Does their victory represent some kind of supremacy in the game worldwide? Well, there is no doubt that they are at or near the top, but I still can’t admit that a one-off tourney is indicative of who the ultimate best is. Stuff changes and adjustments get made in a series that don’t normally happen in a single-game elimination format. They are pretty damn good though, eh? Is there anything I would change? As the Games lingered on, the question of NHL participation in the future came up over and over again. Here is what I think.
I think it is time for the NHL to announce that they will be a permanent partner of the Winter Games from here on out. Yeah, I know the logistics of where and when the games are going to be, the time zones, and so on make for a logistical nightmare of sorts for all involved. The Games play havoc with the NHL regular season sked and all that. But these games are for a competition of the world’s best in a given sport, and probably about 90 percent of them reside in the best league in the world. I have heard chitchat of a return to true amateurs, and while interesting, this would be like going from Champagne to beer mid-game. That won’t cut it—we want the best we can get.
In addition, I have tired of Commissioner Gary Bettman and his wishy-washy approach to this question every four years. In my view, Bettman, probably from his childhood forward, has lived in a world where everything is a negotiation. He would yank a marble out of the game in the sandbox if he thought it could get him an edge in something later on. The players like to go, the players want to go. But in between each Games, we have to watch Gary twist and contort over whether the league will allow its players to go and compete.
I can tell you why Bettman wouldn’t immediately embrace this. It has to do with the burgeoning idea of a World Cup of Hockey. I can also tell you that his 30 bosses would like the Games better if they could find a way to get a cut of the action.
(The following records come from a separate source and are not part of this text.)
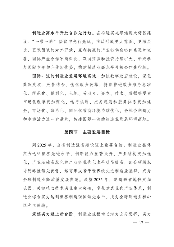 按照《规划》,到2025年,广东制造强省建设迈上重要台阶,制造业整体实力达到世界先进水平,培育形成若干世界级先进制造业集群,成为全球制造业高质量发展典范。展望2035年,关键核心技术实现重大突破,率先建成现代产业体系,制造业综合实力达到世界制造强国领先水平,成为全球制造业核心区和主阵地。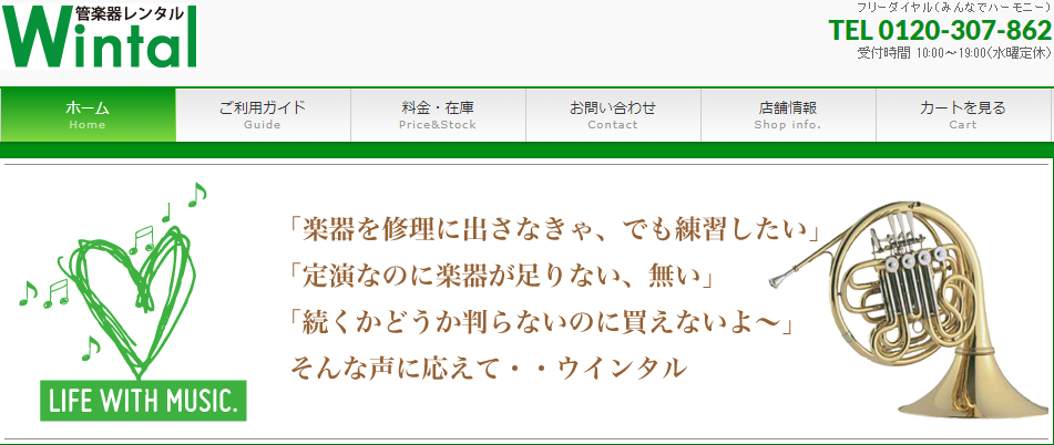 | 管楽器レンタルWintal | 最短1ヶ月~ | 1,980円(税込/1ヶ月) | 宅配or店頭受取 | 有料 | サイト内のオーダーフォームから注文or書面にて郵送 | 株式会社フジクラ楽器 |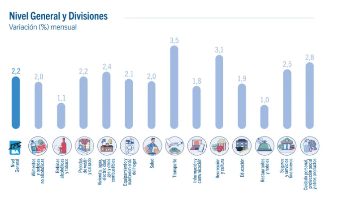 La categoría denominada «Resto IPCBA», que funciona como una aproximación a la inflación núcleo, mostró un aumento del 2,2%.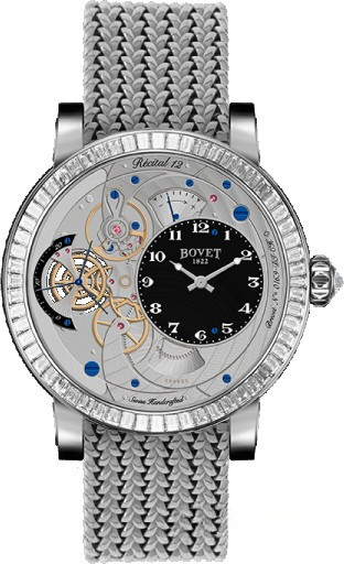 Часы Bovet Monsieur Dimier Recital 12 выпускаются в корпусе из белого золота 18к диаметром 42 мм и водонепроницаемостью до 30 метров. Внутри корпуса установлен механизм с ручным заводом, Калибр 13DM01 с функциями часов, минут, секунд и запаса хода. Линза из сапфирового стекла покрывает черный циферблат. Часы поставляются на золотом браслете. Серия ограничена 100 экземплярами. Безель из 78-ми белых багетных бриллиантов общим весом 1.92 ct.
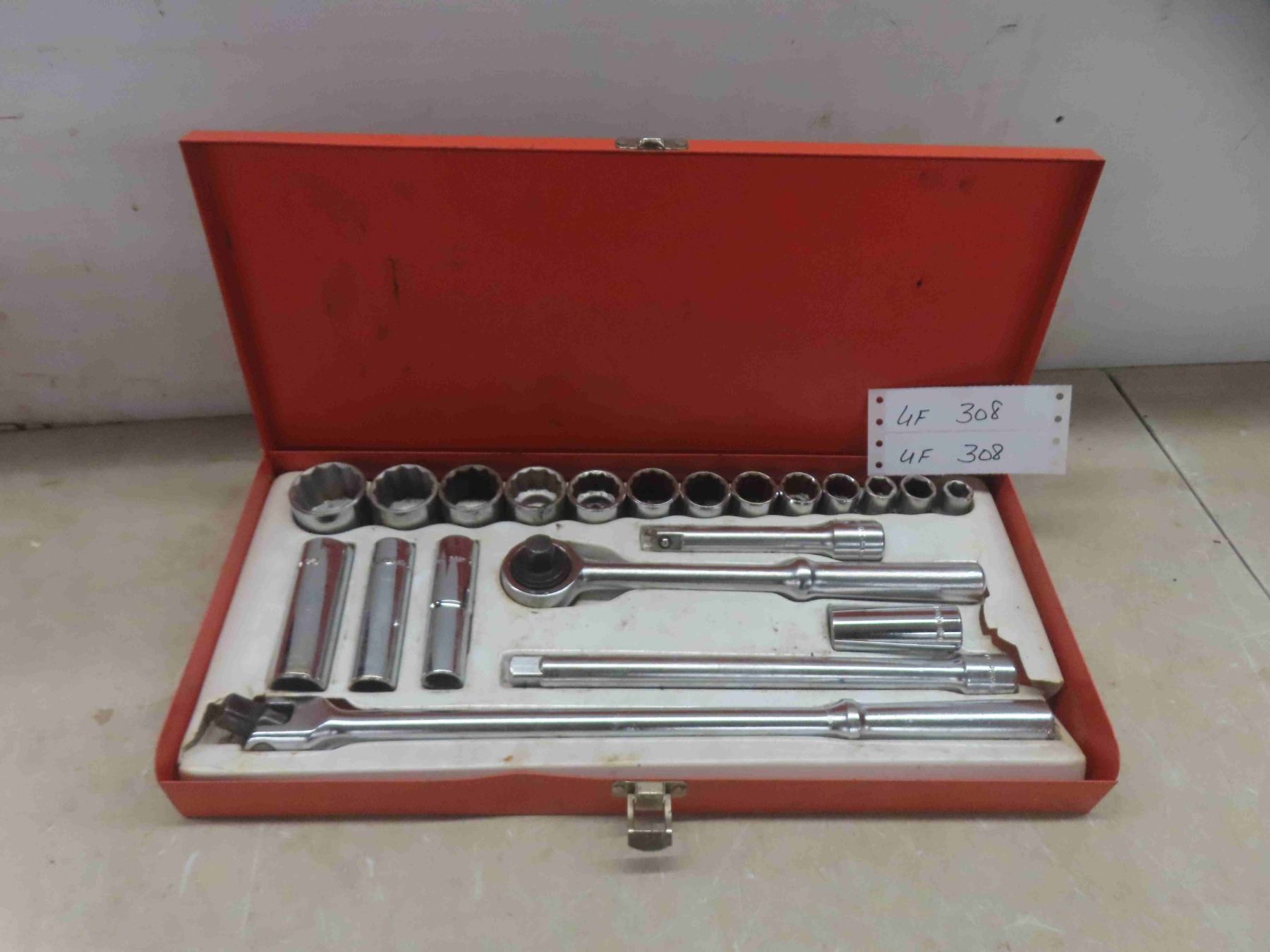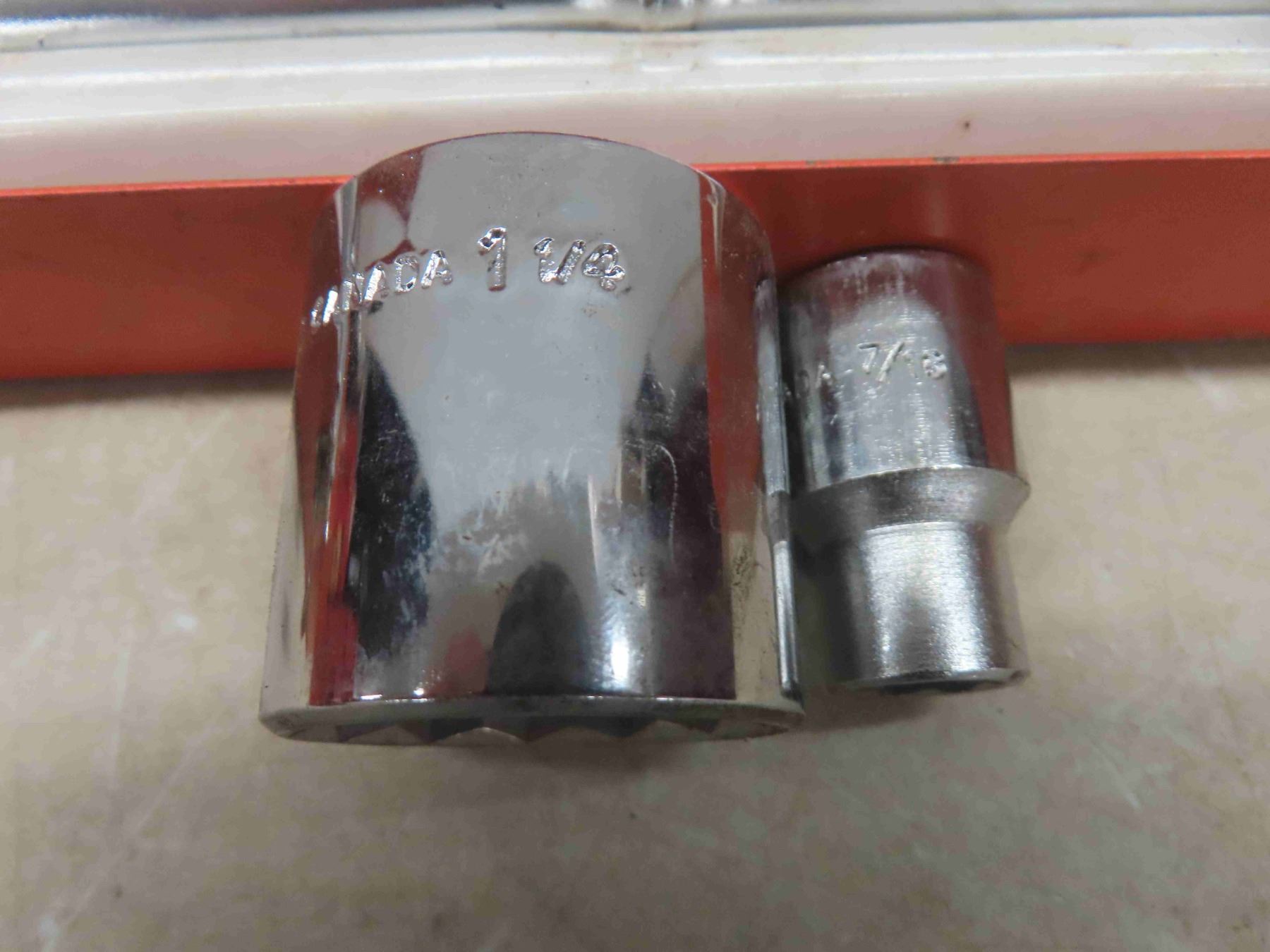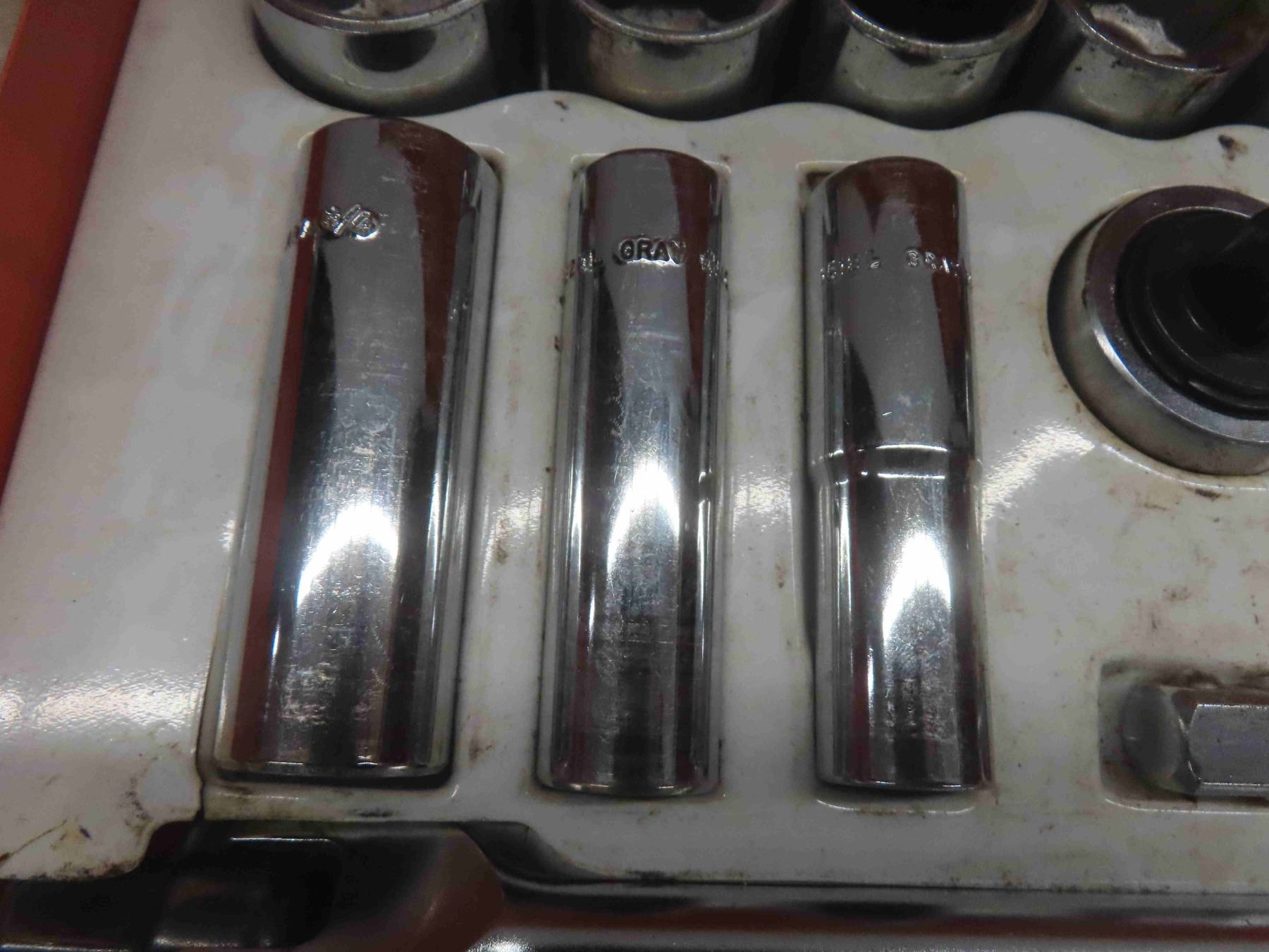 gray 1/2" drive socket set, ratchet, extensions, sockets 7/16-1 1/14

Put an end to this, Gary—the fans want NHL participation and the players are honored by it. Step forward with the IIHF and the IOC and announce this. The hockey world will embrace it…
THE IOC SUSPENSION of Swedish forward Nicklas Backstrom for a doping violation before the gold medal hockey game prompted me to dig into the matter a bit more. When I saw that the item in question was the OTC remedy Zyrtec-D, it raised my eyebrows a bit. I know there to be two versions of this: the one that contains pseudoephedrine and the one that contains a variant of it. I thought that for certain Backstrom and Team Sweden officials would be aware of the regulations pertaining to this, but still, Backstrom tested positive for elevated levels, and right before the biggest game of his life he was suspended.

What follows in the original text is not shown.